She chuckled. “It may have come up.” During that first voyage home on the  _ Lydia _ , she and Horatio had played countless hands of whist - and only one time with Bush. It had ended in a perfect disaster. “So, Captain,” she added, “perhaps you’d rather that I leave you for the afternoon, and you can rest your --” she stuttered, “f-feet. Oh, I am so sorry.”

“It’s nothing,” he told immediately, “it’s a common mistake.”

“No, I can’t believe it slipped my mind,” she disagreed. “Please, accept my apology.”

He sighed as he sat down in the room’s chair, and bent his knee to turn his wooden peg out into the light. “I’ll accept it with no ill feelings, Lady Horn-- Barbara. It’s been awhile and I hardly think of it myself.”

Barbara nodded at him, and cursed her inattention, and then decided, “Well, then, I’ll leave you until supper before I put my foot in my mouth again. Good afternoon, Captain Bush.”

“Wait,” he called before she was gone. “If you expect me to use your Christian name, surely you must use mine, as well.”

“Very well, William,” she said, and smiled at him.

He winked, and she went away laughing.

* * *

In the morning, Barbara went in search of her guest, knowing that Navy men kept a much earlier morning than she did. He wasn’t in the library, or the green sitting room; she even checked on Hebe and Richard in the nursery, just in case.

William was in their master bedroom, in the end, in the chair pulled up to Horatio’s bedside. The two men were telling some story about - well, something about the maneuvering of ships. She caught the word ‘leeward’ in there, anyway. William made a cuttingly mild remark, and Horatio chuckled.

It came to Barbara, then, how much laughter had filled the rooms of this house in only the past day. And how little came before that.

Then she realized that she was standing in the hallway peering through a crack in a door, and this behavior was entirely ridiculous, and took herself off again.

\--

They passed the afternoon at cards, after Horatio ordered Brown to leave his duties and sit as their fourth. It wasn’t a very good game, as Brown had never learned the rules, and Bush was still as transparent as glass.

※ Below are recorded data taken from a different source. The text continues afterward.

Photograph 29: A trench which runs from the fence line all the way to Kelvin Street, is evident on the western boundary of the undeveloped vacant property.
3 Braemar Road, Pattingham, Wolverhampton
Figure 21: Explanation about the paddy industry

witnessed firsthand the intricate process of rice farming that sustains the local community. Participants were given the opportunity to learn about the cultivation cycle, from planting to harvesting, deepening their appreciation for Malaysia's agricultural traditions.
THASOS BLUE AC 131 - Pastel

But it was Horatio’s favorite pastime, so they played.

At the end of the rubber, Brown cleared his throat and said, “I wonder if you notice the time, sir.”

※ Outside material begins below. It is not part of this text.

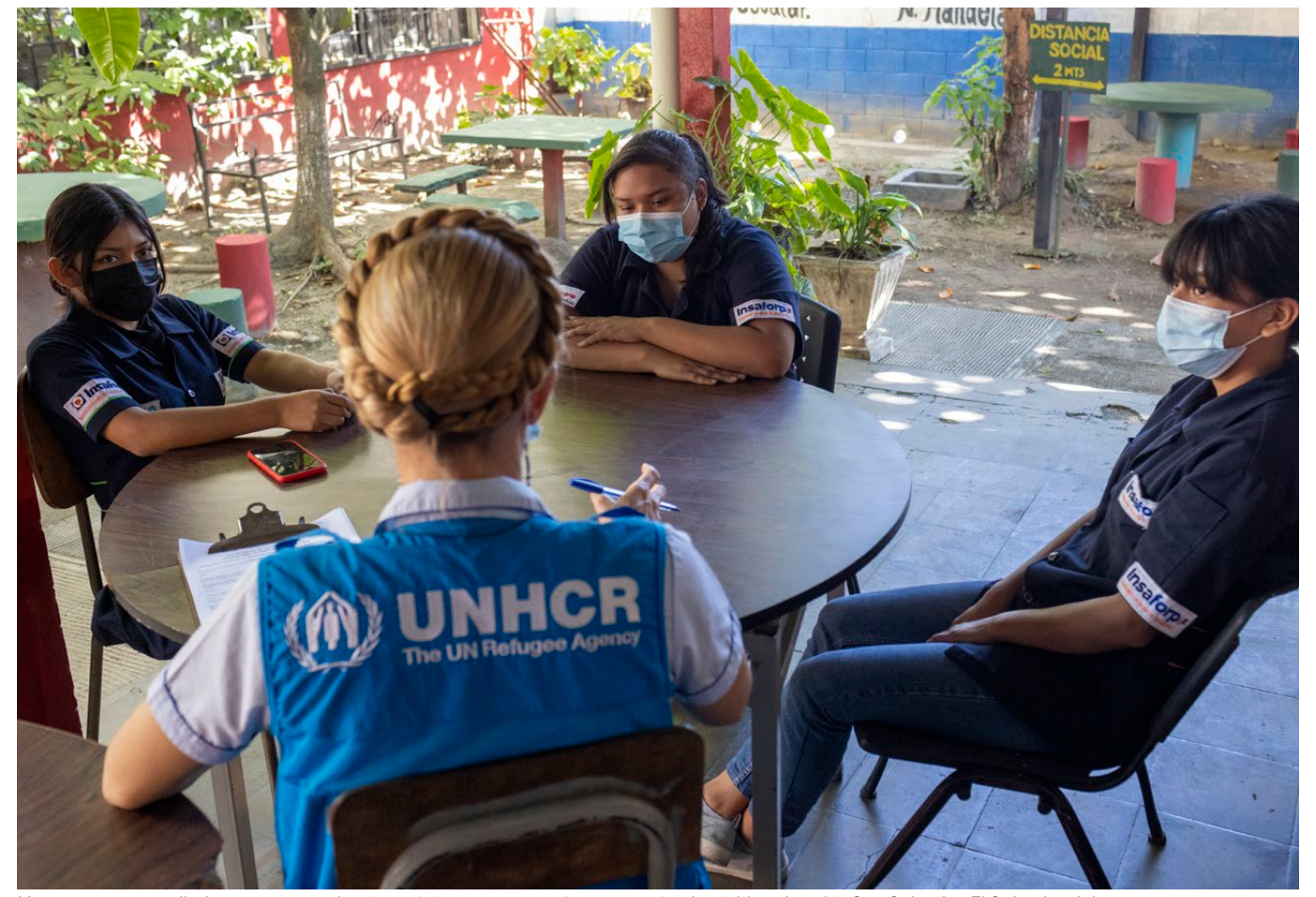
Young women enrolled in an auto mechanics training programme in a stigmatized neighbourhood in San Salvador, El Salvador. Job schemes help keep young people out of the clutches of gangs.

We will also support forcibly displaced and stateless people to contribute to the communities where they live and promote the use of modalities to support their inclusion and benefit local communities.

Horatio checked the clock and nodded, and William looked between them inquiringly.

“The doctor has me taking exercise for my recovery,” Horatio explained to him. “Eight bells every morning and afternoon watch.”

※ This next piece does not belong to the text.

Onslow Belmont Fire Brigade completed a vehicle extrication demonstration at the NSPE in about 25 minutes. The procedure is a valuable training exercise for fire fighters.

William signaled his understanding by starting to clear the cards and the flat piece of wood they had used as a table from over Horatio’s lap. “Right, then, sir, you had better not shirk them.”

Horatio said, “Actually, Captain Bush, as long as you’re here, you might be of some assistance. Several of these exercises require that I pull against someone else’s strength.”

Barbara, who was moving the excess chairs away, stood bolt upright and stared at the wall in front of her.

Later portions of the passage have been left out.